Paper No. 190-12
Presentation Time: 4:50 PM
THE LATE LUTETIAN THERMAL MAXIMUM AT IODP SITE U1508 (TASMAN SEA)
PEÑALVER-CLAVEL, Irene1, BHATTACHARYA, Joyeeta2, AGNINI, Claudia3, DALLANAVE, Edoardo4, WESTERHOLD, Thomas5, DICKENS, Gerald6, SUTHERLAND, Rupert7 and ALEGRET, Laia1, (1)Dept. Ciencias de la Tierra & IUCA, University of Zaragoza, Zaragoza, 50009, Spain, (2)Picarro Inc. Headquarters, 3105 Patrick Henry Dr., Santa Clara, CA 95054, (3)Dipartimento di Geoscienze, Università degli Studi di Padova, Padova, 35131, Italy, (4)Faculty of Geosciences, University of Bremen, Bremen, 28359, Germany, (5)MARUM - Center for Marine Environmental Research, Bremen University, Leobener Strasse, Bremen, 28359, Germany, (6)School of Natural Sciences, Trinity College Dublin, Dublin, 2, Ireland, (7)Victoria University of Wellington, Wellington, PO Box 600, New Zealand
The gradual cooling trend of the middle Eocene was interrupted by a global and short-lived warming event, the Late Lutetian Thermal Maximum (LLTM, ca. 42.5 Ma). This contrasts with other Paleocene and early Eocene hyperthermal events, which are superimposed on a long-term warming trend. Like other hyperthermals, the LLTM is characterized by coupled carbon and oxygen isotope negative excursions and increased pCO2 levels. The analysis of its consequences on marine ecosystems is key to unravel climate dynamics during periods of high pCO2 levels, but studies documenting the LLTM are scarce, and mostly focused on the Atlantic Ocean. Its short duration (ca. 10 kyr or less in the Atlantic Ocean) hinders identification in deep-sea sediments.

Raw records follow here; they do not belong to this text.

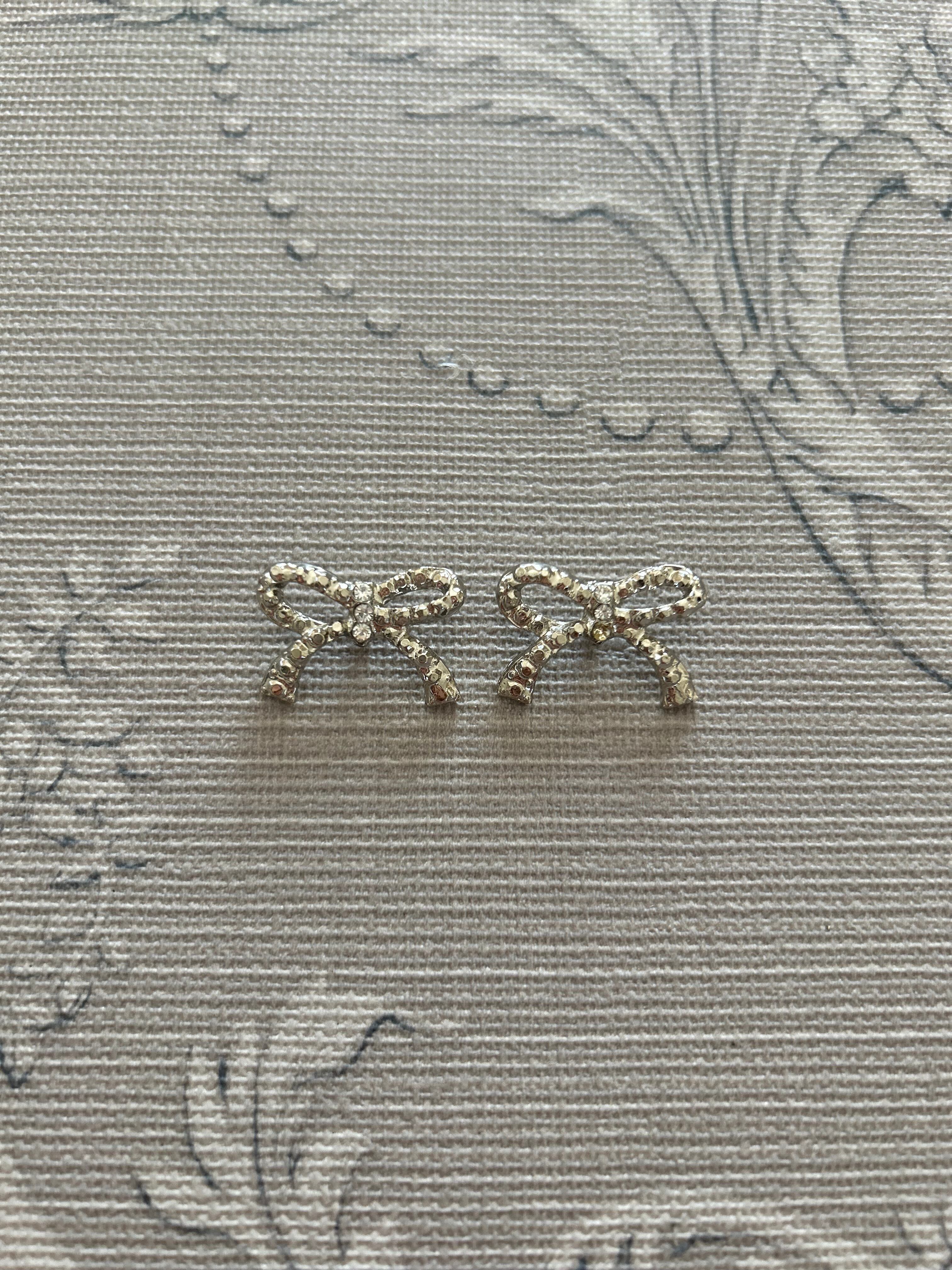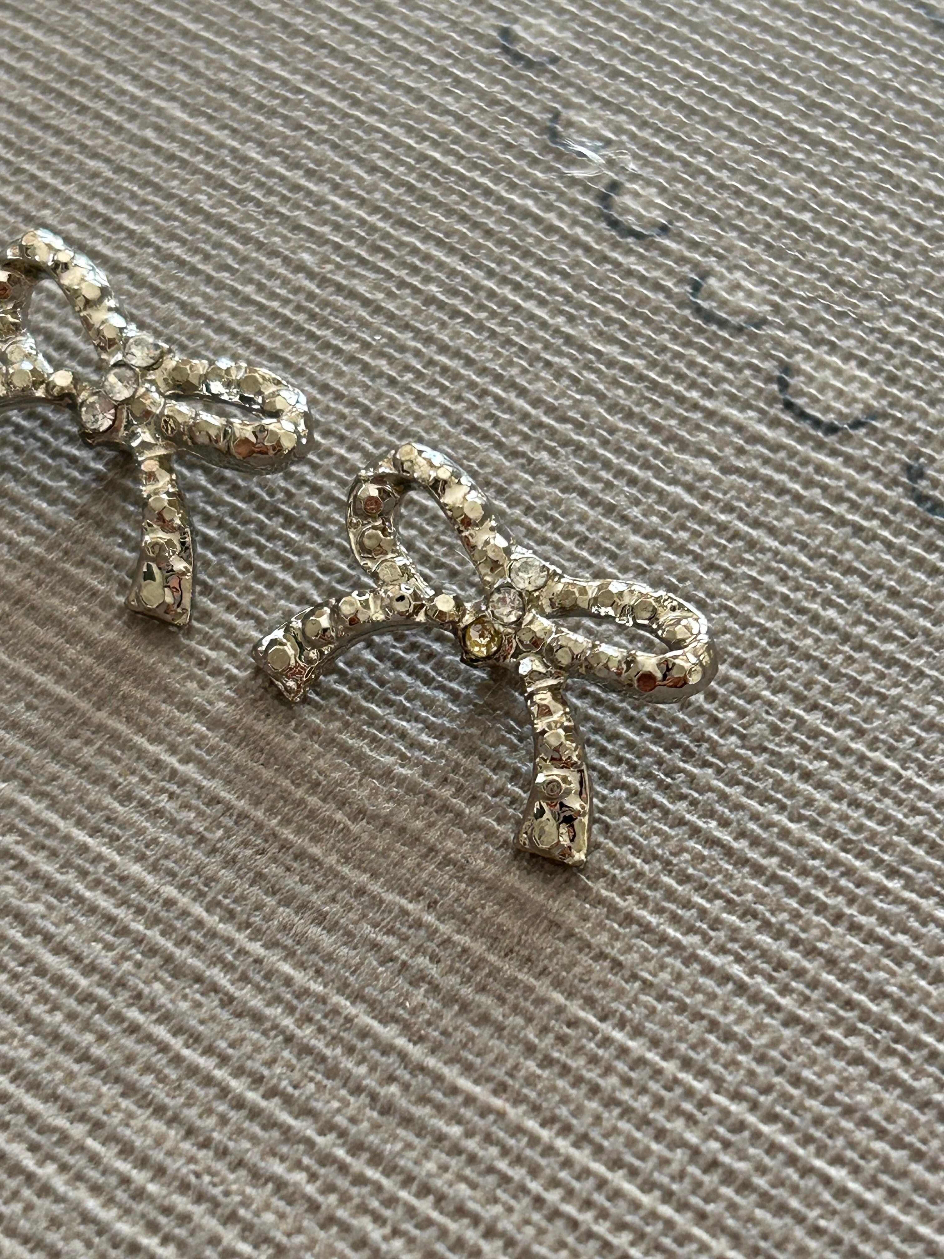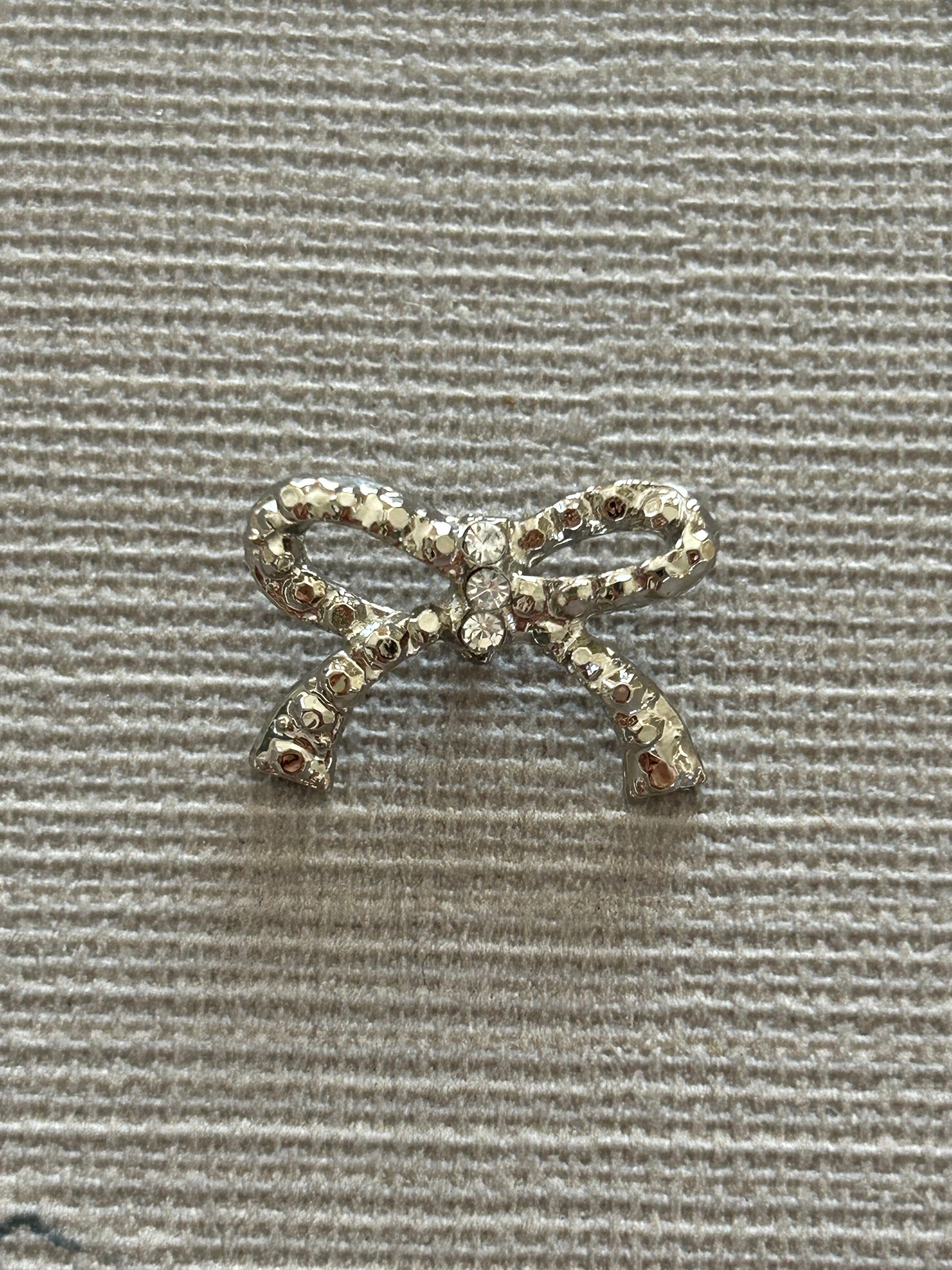 輸入デザインボタン Ruban リボン メタル×ストーン シルバー アクセサリーパーツ デコレーション材 カルトナージュ 飾りボタン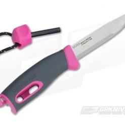 The Handle:Â TPE high friction rubber handle features offers superior grip for control during undesirable climates and situations. Easy to find two tone fuschia and gray for good looks, the handle also houses the integral Swedish FireSteel. Â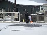 今朝は、未明から降った雪のため、子どもたちが登校する通学路や橋の上に雪が積もっていました。積雪はそれほど深くありませんでしたが、通学路に一部には凍結している個所もありました。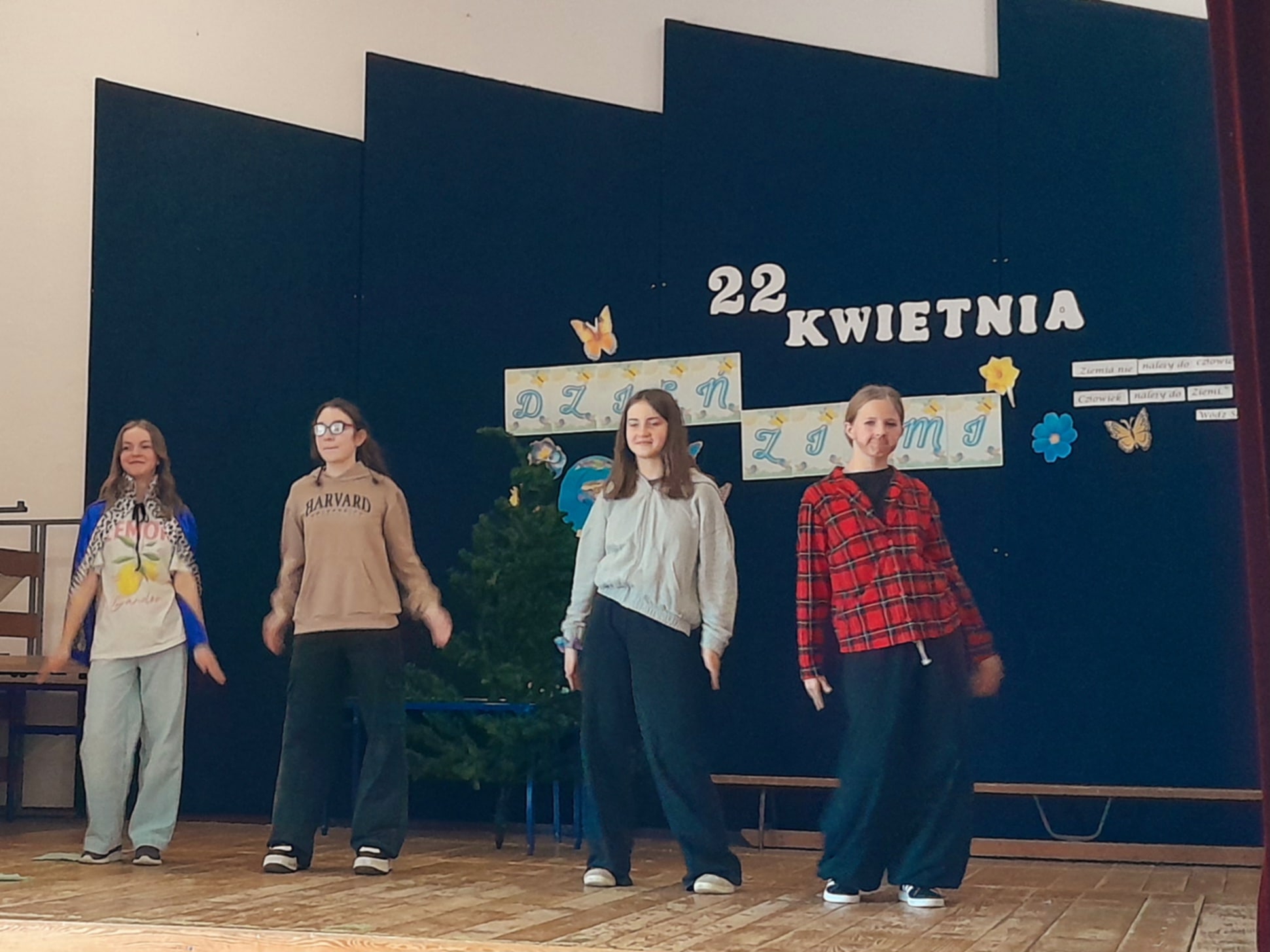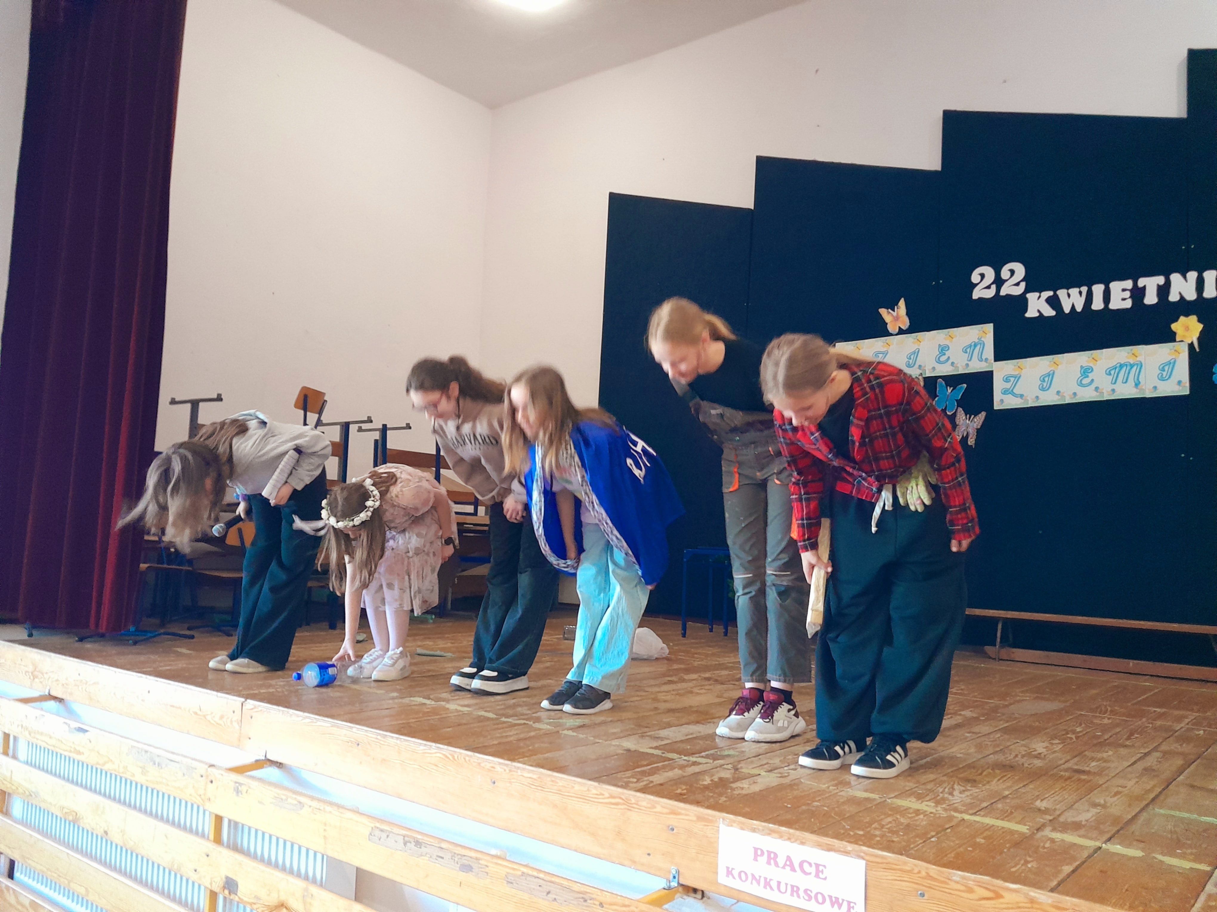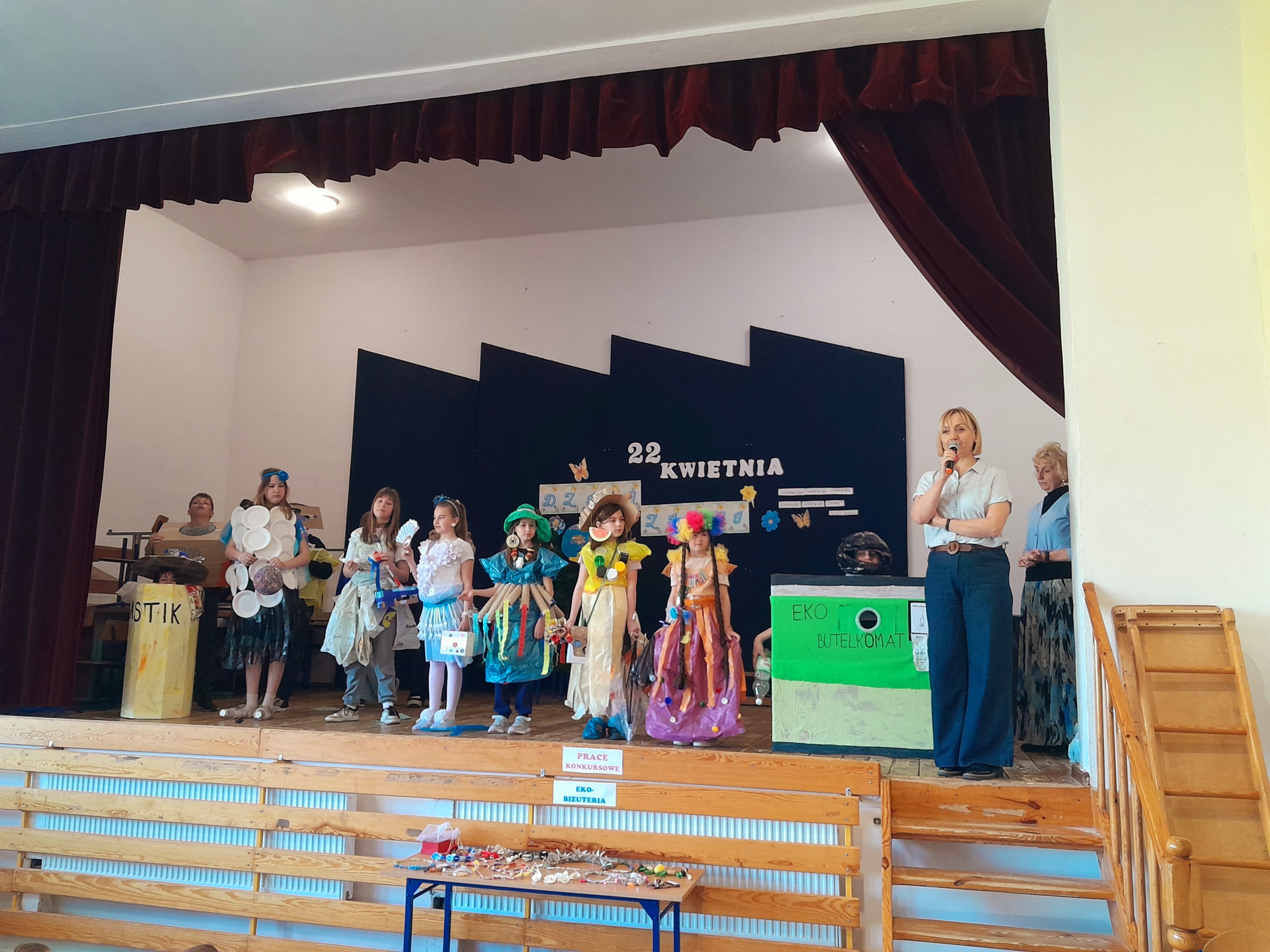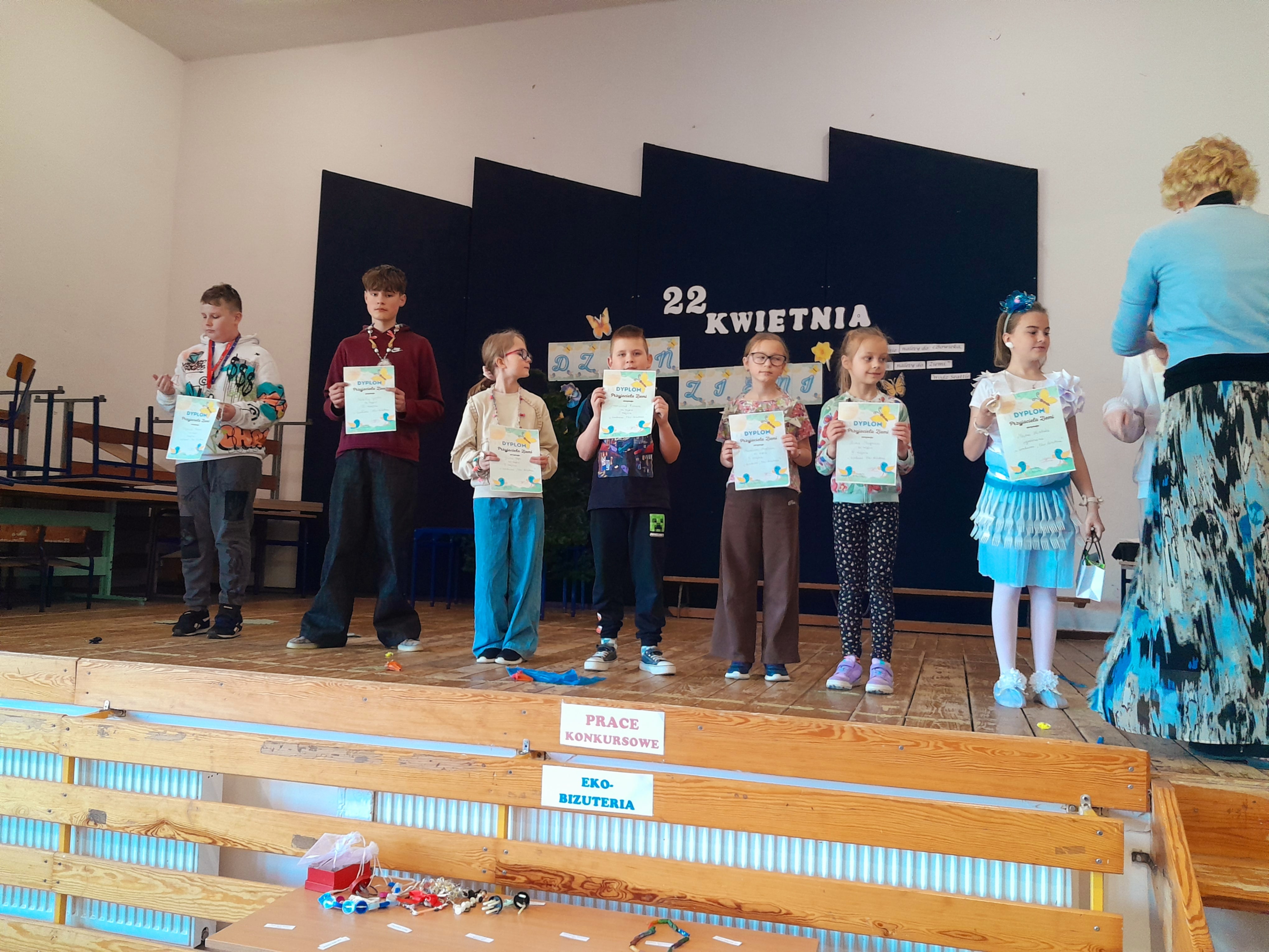 Dzień Ziemi 22 kwietnia obchodziliśmy w naszej szkole Dzień Ziemi. Z tej okazji uczennice kl.5 i kl.6: Klaudia Hintzke, Łucja Motyl, Marcelina Adrian, Marcelina Krukowska, Marianna Zielke i Martyna Jeka pod opieką Danuty Kuźnickiej przygotowały krótkie przedstawienie o zagrożeniach Ziemi. Występ zakończył się tańcem na cześć MATKI ZIEMI. Po występie odbył się pokaz mody ekologicznej, który poprowadziły uczennice Łucja Motyl i Klaudia Hintzke. Każda klasa przygotowała strój ekologiczny. Uczniowie byli bardzo kreatywni a prace różnorodne. Pokaz był rodzajem manifestu — uczniowie pokazali, że ubrania mogą mieć znaczenie, że można wyglądać dobrze, nie niszcząc przy tym planety. Kolekcje stworzone zostały w duchu eko — z materiałów z recyklingu, rzeczy przerobionych i takich, które zamiast trafić do kosza… dostały drugą szansę. Pokaz miał charakter konkursowy. I miejsce zajęła klasa siódma, drugie klasa druga a III klasa czwarta. Podczas naszej imprezy został też rozstrzygnięty konkurs na Eko-biżuterię. W grupie młodszej I miejsce zajął Franciszek Renusz, II ex aequo Marianna Abraham i Julia Styn a III miejsce Anna Margrian. W grupie starszej I miejsce zajął Wojciech Remer, II Maria Stencel a trzecie Mikołaj Gojke. Wyróżnienie otrzymała Maria Hintzke.

Here we present a quantitative benthic foraminiferal record from International Ocean Discovery Program Site U1508 to investigate for the first time the biotic turnover and paleoenvironmental changes in the deep-sea across the LLTM in the Southwest Pacific. Site U1508 is located in the northeast margin of Reinga Basin, and middle Eocene sediments were deposited at lower bathyal depths. At this site, the LLTM is marked by a sharp negative excursion of δ18O (0.4‰) and δ13C (1.3‰), and by a 11% drop in CaCO3 values. However, benthic foraminiferal assemblages are dominated by calcareous taxa (≥85% in the 25 samples studied) and indicate there was not carbonate dissolution across the study interval. The paleoenvironmental interpretation points to low oxygen conditions and a high nutrient supply to the seafloor during the LLTM. This is inferred from the dominance of infaunal species, high relative abundance of dysoxic taxa (Lenticulina, Nonion), and decreased abundance of Globocassidulina subglobosa, a species that is typically related to oxic environments. Decreased diversity of the assemblages further supports environmental stress during the LLTM. Our study will contribute to understand the relative role of changes in carbon flux vs. warming during the LLTM, and to evaluate how global changes affect marine ecosystems.
Acknowledgments: Project PID2019-105537RB-I00, Spanish Ministry of Economy and Competitiveness and FEDER funds.